Закончив рассказ, Дзян Цин подняла лагерную рубашку и показала Иосифу
под маленькой грудью бледный шрам. Иосиф трогал его грубыми пальцами,
задевал сосок и с удовлетворением замечал, как он напрягается, какого он
красивого цвета, и, улыбаясь припадал к нему губами, всасывая в себя вкусную
пустоту...
Иосиф говорил, что Дзян Цин может его не бояться, что в нем нет никаких
извращенческих наклонностей, что он, наоборот, представитель
еврейско-индийской сексуальной культуры, отличающейся гуманностью и высоким
познанием предмета...
После этих разговоров Иосиф обычно сгонял с верхних нар толстую
старуху, брал Дзян Цин за округлившиеся бедра и возносил ее на второй этаж.
Затем сам взлетал и приземлялся голубем сверху, проникая во все уголки тела
своей возлюбленной...
Так, ежедневно, они коротали отведенный им час, ни разу ни сумевшие до
конца насладиться друг другом... Им не хватало этого часа! Им не хватило бы
и месяца, они бы не сумели и за год!..
Шло время... Как-то Иосиф пришел к своей Дзян Цин и, зная, что та по
времени должна болеть естественной болезнью, решил ограничиться ласками. Но
возлюбленная с какой-то хитрецой смотрела ему в глаза, соблазняла действием,
а потом сообщила недоумевающему любовнику, что тот вскоре станет отцом
маленького китайца и что он с этого дня должен приносить ей еды больше.
Душа Иосифа, в радости от этих слов, словно ракета, взлетела к небесам,
но тут же, чего-то испугавшись, вернулась обратно и задрожала травинкой...
-- Как же, здесь, в лагере? - спросил он.
- Не знаю... - отвечала Дзян Цин, пожимая плечами. - Может,
как-нибудь...
Иосифа немного раздражала такая беспечность подруги, но он сам был
настолько счастлив, что тревоги на сердце улеглись туманом, и отец вновь
ласкал Дзян Цин, уже не в качестве любовницы, но как жену...

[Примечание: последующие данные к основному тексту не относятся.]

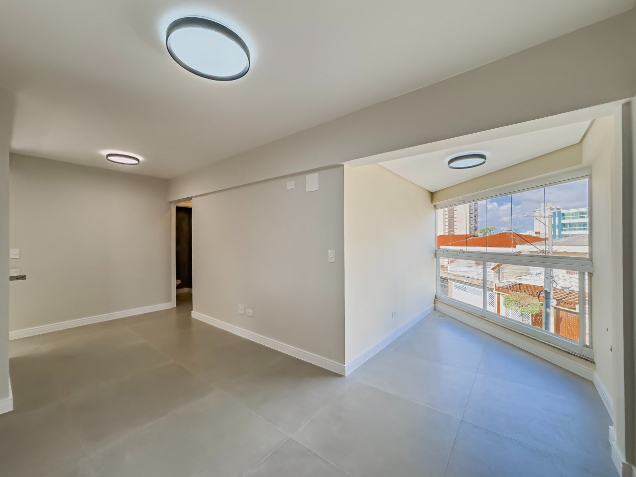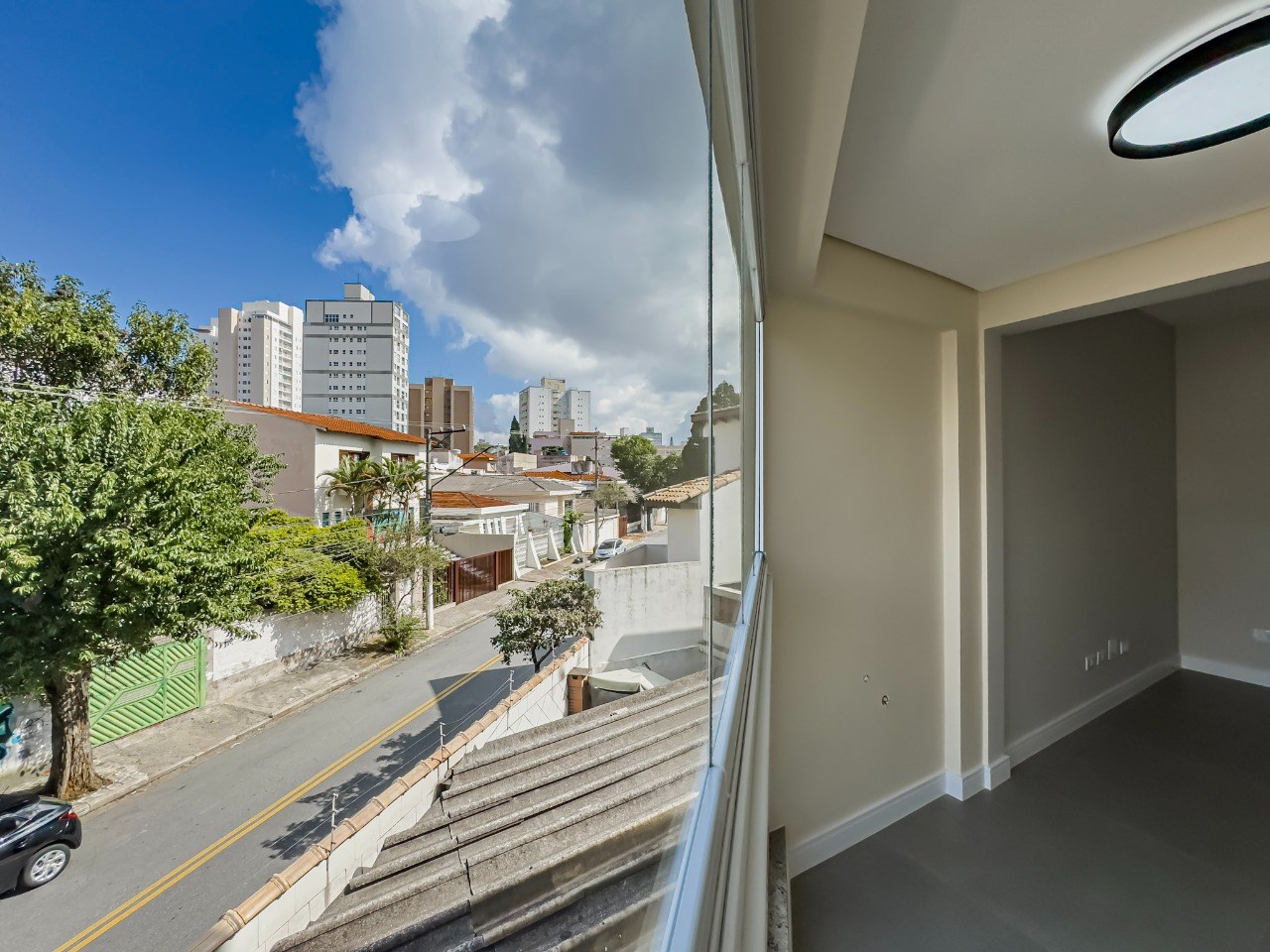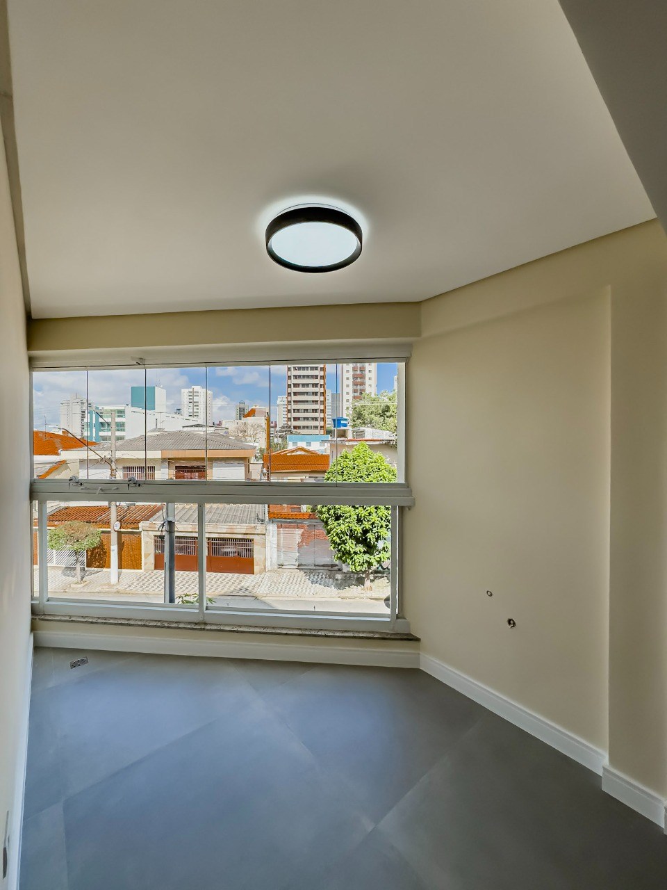 Varanda com fechamento em vidro.
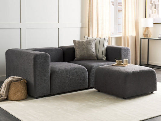 2-Sitzer Sofa Bouclé dunkelgrau mit Ottomane FALSTERBO
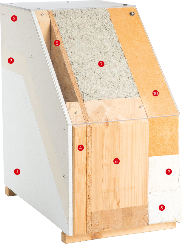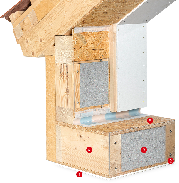 Das Grundprinzip für den Bau eines Willi Mayer Hauses ist die Holzrahmenbauweise, bei der ein tragendes Skelett mit Holz- oder Gipsfaserplatten beplankt wird. Die Dämmung kann hier über die gesamte Wanddicke eingebaut werden, wobei oftmals nachwachsende Materialien wie zum Beispiel Holzfasern, Hanf, Kork oder Schurwolle zum Einsatz kommen. Auch bei der Gestaltung der Außenfassade und der Innenwände haben Sie die freie Wahl der Materialien. Der Holzrahmenbau kann zudem auch mit der Massivholzbauweise kombiniert werden. In diesem Fall werden dicke Massivholzelemente in unseren Werkshallen vorgefertigt und für Wände, Decken und Dach in das Holzskelett eingesetzt.
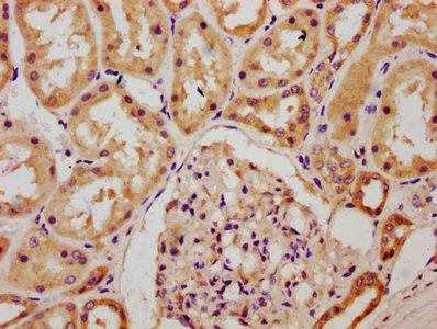 IHC image of CSB-PA005416LA01HU diluted at 1:300 and staining in paraffin-embedded human kidney tissue performed on a Leica BondTM system. After dewaxing and hydration, antigen retrieval was mediated by high pressure in a citrate buffer (pH 6.0). Section was blocked with 10% normal goat serum 30min at RT. Then primary antibody (1% BSA) was incubated at 4°C overnight. The primary is detected by a biotinylated secondary antibody and visualized using an HRP conjugated SP system.
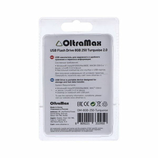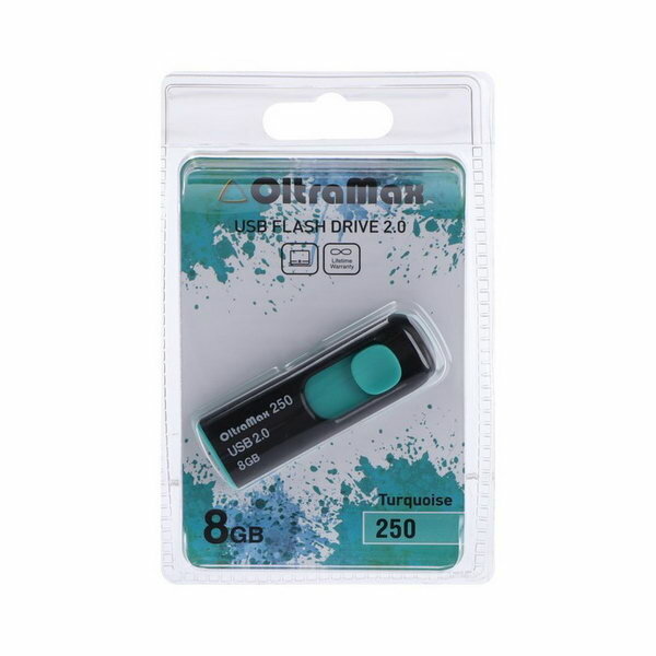 USB-флешки Флешка 250, 8 Гб, USB2.0, чт до 15 Мб/с, зап до 8 Мб/с, бирюзовая
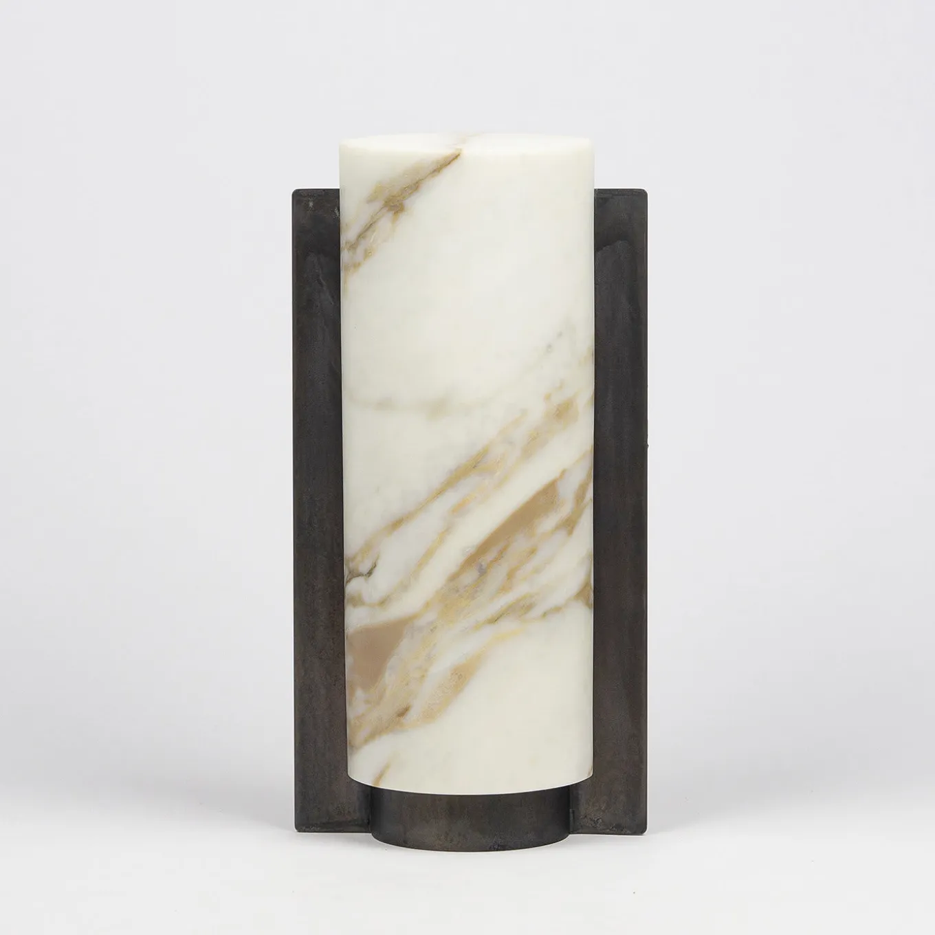 The interlocking of elements represents the boundary between inside and outside, closed and open, private and public. The mechanical act of opening and closing allows or denies access to a place, to contents to be protected, hidden or kept secret. A collection of containers composed of elements in Calacatta Oro marble and Jerissa stone and in natural metal and Corten.
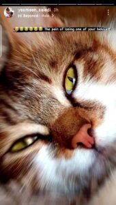 Yasmeen Said published a photo of her adorable kitten on Instagram and then wrote in a comment that she was in great agony after losing one of her cherished pets.
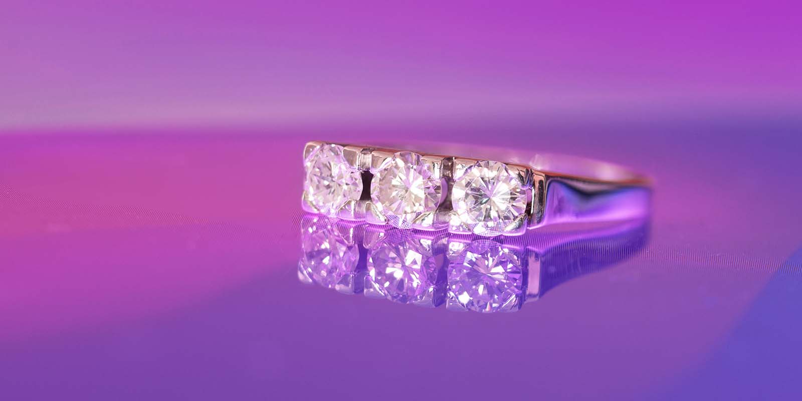 Drei funkelnde Diamanten reihen sich auf diesem Ring aus 585er Weißgold aneinander

Проходили дни... Живот китаянки надувался мячиком, и в нем время от
времени слышалась жизнь. Иосиф любил прикладываться ухом к пупку жены, как к
замочной скважине, и подслушивать, чем там занят его будущий отпрыск. Если
он слышал какое-нибудь шебуршение, то на лице появлялась самодовольная
улыбка; если же в животе была тишина, то он стучался в него костяшками
пальцев, вновь прикладывался ухом и слушал чрево, как радио, по которому
собираются передать важное правительственное сообщение...
Начальник лагеря почти перестал есть.
- Может быть, мои блюда не вкусны? - спрашивал Иосиф.
Начальник кривился лицом и отвечал, что дело не в том, просто аппетит
пропал почему-то, а если он и кушает, заставляя себя насильно, то после
наступает плохой стул и в желудке режет самурайским мечом...
Отец стал готовить всякие кашки на молоке, пытался впихнуть в того хоть
пару ложек и ласково уговаривал отправиться сегодня же к врачу. Начальник
отнекивался, а Иосиф наблюдал, как кожа на его лице все больше желтеет
живот, несмотря на то, что человек почти не ест, набухает вулканом... Как он
похож на мою жену, думал в такие минуты Иосиф. У него также растет живот.
Только у Дзян Цин живот распирает жизнь, а живот начальника надувает
смерть...
Отец как в воду глядел... Начальник все же сходил к врачу и вышел от
лекаря с удрученным лицом, и все улыбался в сторону Иосифа, приговаривая:
- Ты смотри-ка, рак у меня... Желудка рак... А у тебя, видать, рака
нету...
Нету, - соглашался Иосиф, принимаясь утешать смертельно больного. - Как
знать, - говорил он. - Сейчас рака нет, а завтра может и случиться... Может
и на глазу вылезти, и сердце зацепить клешней, а может и прямую кишку
скрутить... Вот где муки-то, когда в туалет по-человечески не сходишь...
- Да... - соглашался начальник и с надеждой смотрел на заключенного. -
Может быть, у тебя все-таки будет рак?.. Знаешь, как умирать одному
неохота!.. Ни детей нет, ни жены, ни родственников...
- Это верно, - подтверждал Иосиф. - Человеку в одиночестве умирать, что
собаке... Все мы под Богом ходим, может, и я завтра раком заболею...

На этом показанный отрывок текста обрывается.